Myanmar leader Aung San Suu Kyi on Tuesday defended her government's actions in Rakhine state, where about 700,000 Rohingya Muslims fled from a brutal counterinsurgency campaign to neighboring Bangladesh. She said terrorism, not social discrimination or inequality, triggered the crisis.

Suu Kyi made the comments in a lecture in Singapore in which she reviewed her two years in power.

"We who are living through the transition in Myanmar view it differently than those who observe it from the outside and who will remain untouched by its outcome," she said, in an apparent response to criticism of how her government has handled the plight of the Rohingya.

Critics accuse Myanmar's army of carrying out ethnic cleaning, or even genocide, against the Muslim minority. Myanmar's population is overwhelmingly Buddhist.

Suu Kyi's government says it carried out justifiable counterinsurgency operations in response to attacks by militants on security forces.

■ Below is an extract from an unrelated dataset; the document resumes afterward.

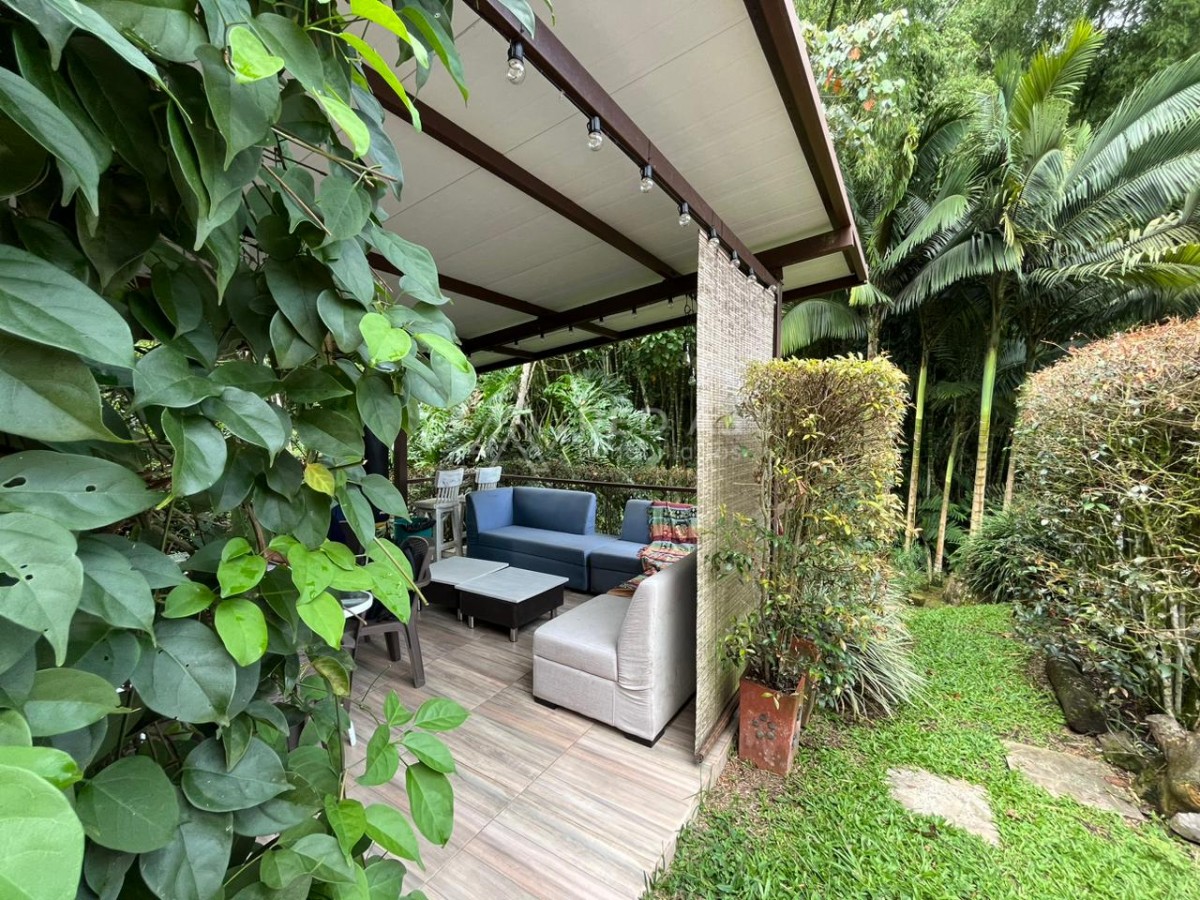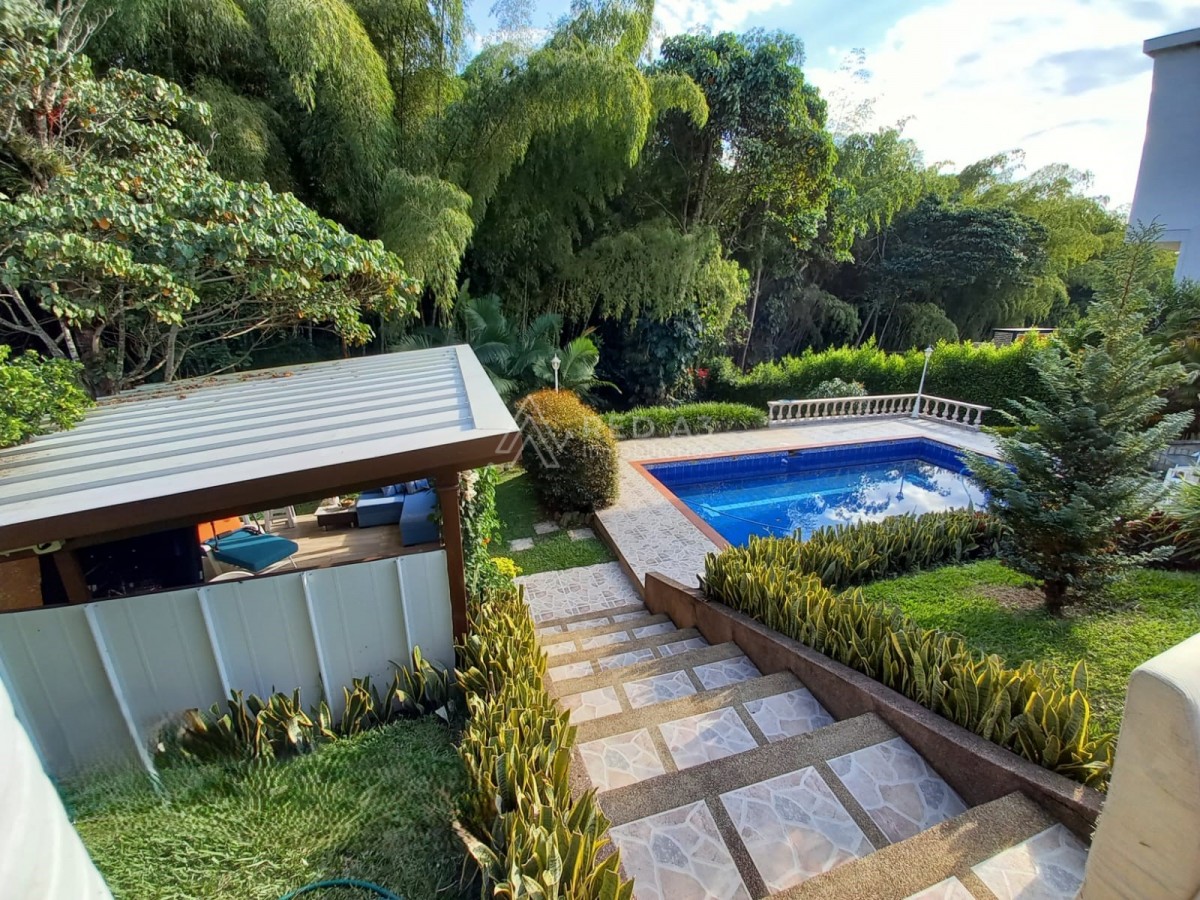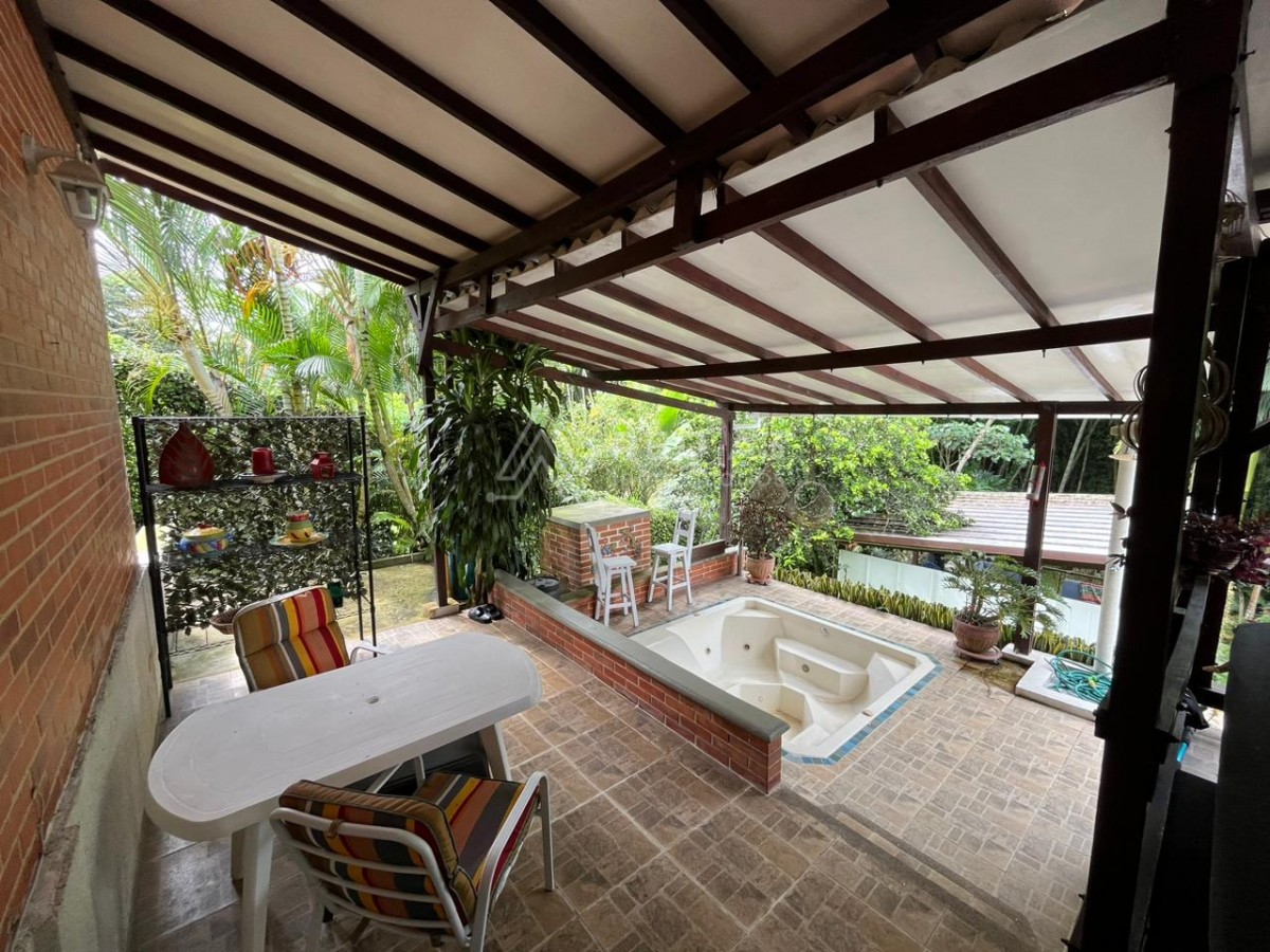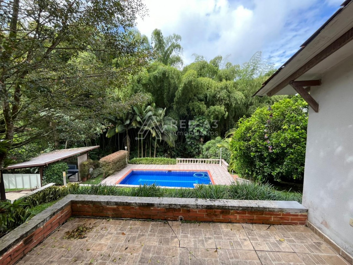 La casa tiene un diseño tradicional con parte de ladrillo a la vista, construida en un lote mayormente inclinado pero logrando distribuir su diseño de la mejor manera dentro del lote, cuenta con una sala exterior dispuesta para compartir con familia y amigos, como también una piscina junto a un jardín interno privado de la casa el cual tiene parte de guadual.

In a measure of the national sensitivity of the subject, Suu Kyi appeared not to refer to the Rohingya by name in her speech. The term is rejected by many Buddhists in Myanmar who do not consider the group a native minority and charge it entered illegally from Bangladesh, although many families have lived for generations in Myanmar. The Rohingya face both social and official discrimination, and are generally denied citizenship.

Suu Kyi, who holds the positions of state counsellor and foreign minister, said terrorism was the cause of the crisis in Rakhine and remains a threat.

"The danger of terrorist activities which was the initial cause of events leading to the humanitarian crisis in Rakhine remains real and present today," she said. "Unless this security challenge is addressed, the risk of intercommunal violence will remain. It is a threat that could have grave consequences, not just for Myanmar but also for other countries in our region and beyond."

The army's crackdown followed attacks last August on security outposts by the secretive Arakan Rohingya Salvation Army, which said it was acting on behalf of oppressed Rohingya.

Suu Kyi said it was difficult to say when the Rohingya who fled will be able to return to Rakhine state because her nation needs the cooperation of Bangladesh.

She said Myanmar has mapped out general sites for the resettlement of returning Rohingya, but the timing of the repatriation also depends on Bangladesh.

Myanmar's government has signed several agreements on preparing for the return of the Rohingya, but U.N. agencies have accused it of dragging its feet, and human rights groups are concerned that the safety of returning Rohingya cannot be assured.

In its counterinsurgency campaign, the army beat and killed civilians, and organized rapes and the burning of thousands of homes belonging to Rohingya, according to evidence and survivor and witness accounts compiled by human rights organizations.

Suu Kyi's speech was part of a series of annual lectures by global leaders organized by the Institute of Southeast Asia Studies.